Supported CLI options:
- `--conf <path>`: Path to config file
- `--http <addr:port>`: HTTP server address
- `--sip <addr:port>`: SIP server address
- `--handler <url|file.md>`: Quick handler setup (webhook URL or playbook file)

### Environment Variables

Active-call supports various environment variables for configuration.

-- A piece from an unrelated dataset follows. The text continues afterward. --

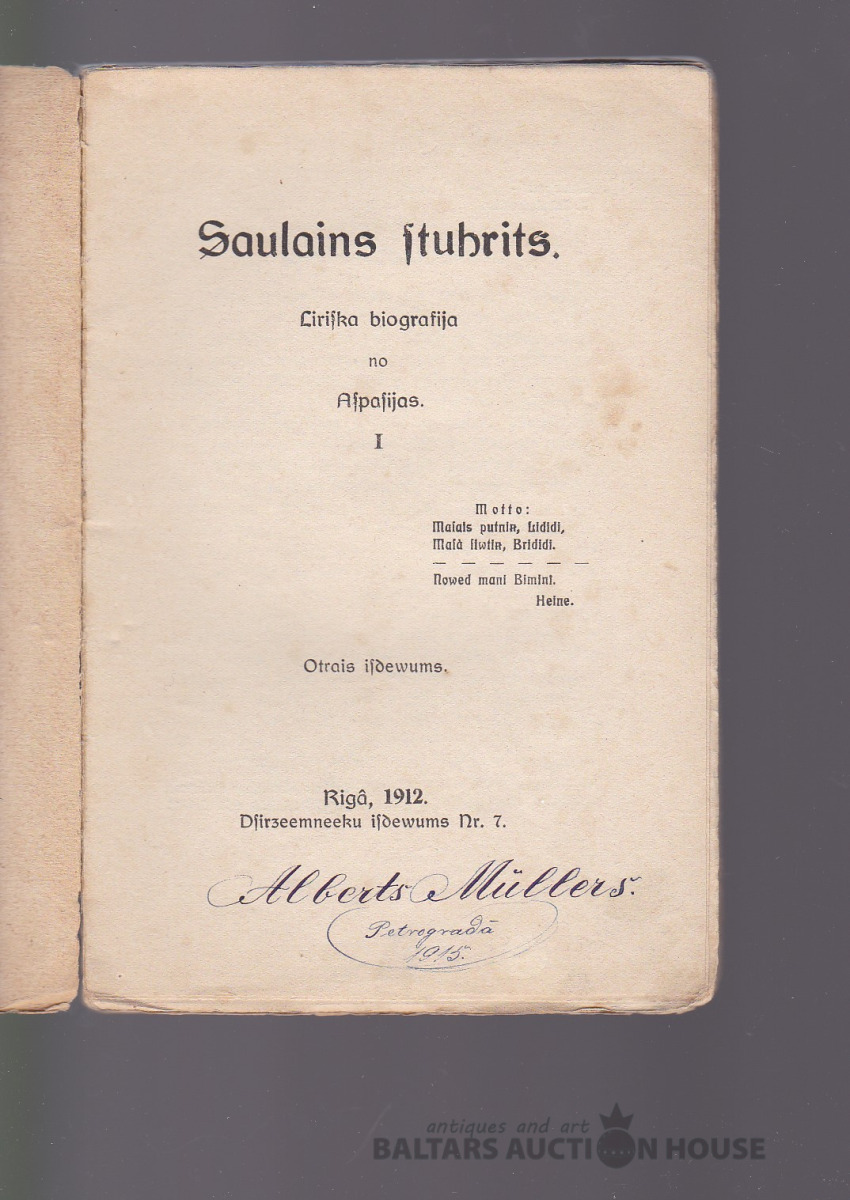 Aspazija – Saulains stūrītis, 1912. g. Dzirciemnieku izdevums. Zīmētās vinjetes staurā

If you have API keys or credentials, save them in an `.env` file:

#### Cloud Provider Credentials

```bash
# OpenAI/Azure OpenAI
OPENAI_API_KEY=sk-...
AZURE_OPENAI_API_KEY=your_azure_key
AZURE_OPENAI_ENDPOINT=https://your-resource.openai.azure.com/

# Aliyun (DashScope)
DASHSCOPE_API_KEY=sk-...

# Tencent Cloud
TENCENT_APPID=your_app_id
TENCENT_SECRET_ID=your_secret_id
TENCENT_SECRET_KEY=your_secret_key
```

#### LLM Provider Defaults

When `llm.provider` is specified in playbooks, active-call automatically reads default API keys from environment:

- **openai**: Reads `OPENAI_API_KEY`
- **azure**: Reads `AZURE_OPENAI_API_KEY` and `AZURE_OPENAI_ENDPOINT`
- **dashscope** (Aliyun): Reads `DASHSCOPE_API_KEY`
- **tencent**: Reads `TENCENT_APPID`, `TENCENT_SECRET_ID`, `TENCENT_SECRET_KEY`

#### Offline Model Configuration

```bash
# Model directory (default: ./models)
OFFLINE_MODELS_DIR=/path/to/models

# HuggingFace Hub settings (optional)
HF_ENDPOINT=https://hf-mirror.com  # Use mirror if needed
HF_MIRROR=https://hf-mirror.com
```

#### Docker Usage

Mount your `.env` file when running containers:

```bash
docker run -d \
  --name active-call \
  -p 8080:8080 -p 5060:5060/udp \
  -v $(pwd)/.env:/app/.env \
  -v $(pwd)/config:/app/config \
  -v $(pwd)/models:/app/models \
  active-call:latest
```

### Port Range

Use small range `20000-20100` for local development, bigger range like `20000-30000`, or host network for production.

## License

This project is licensed under the MIT License.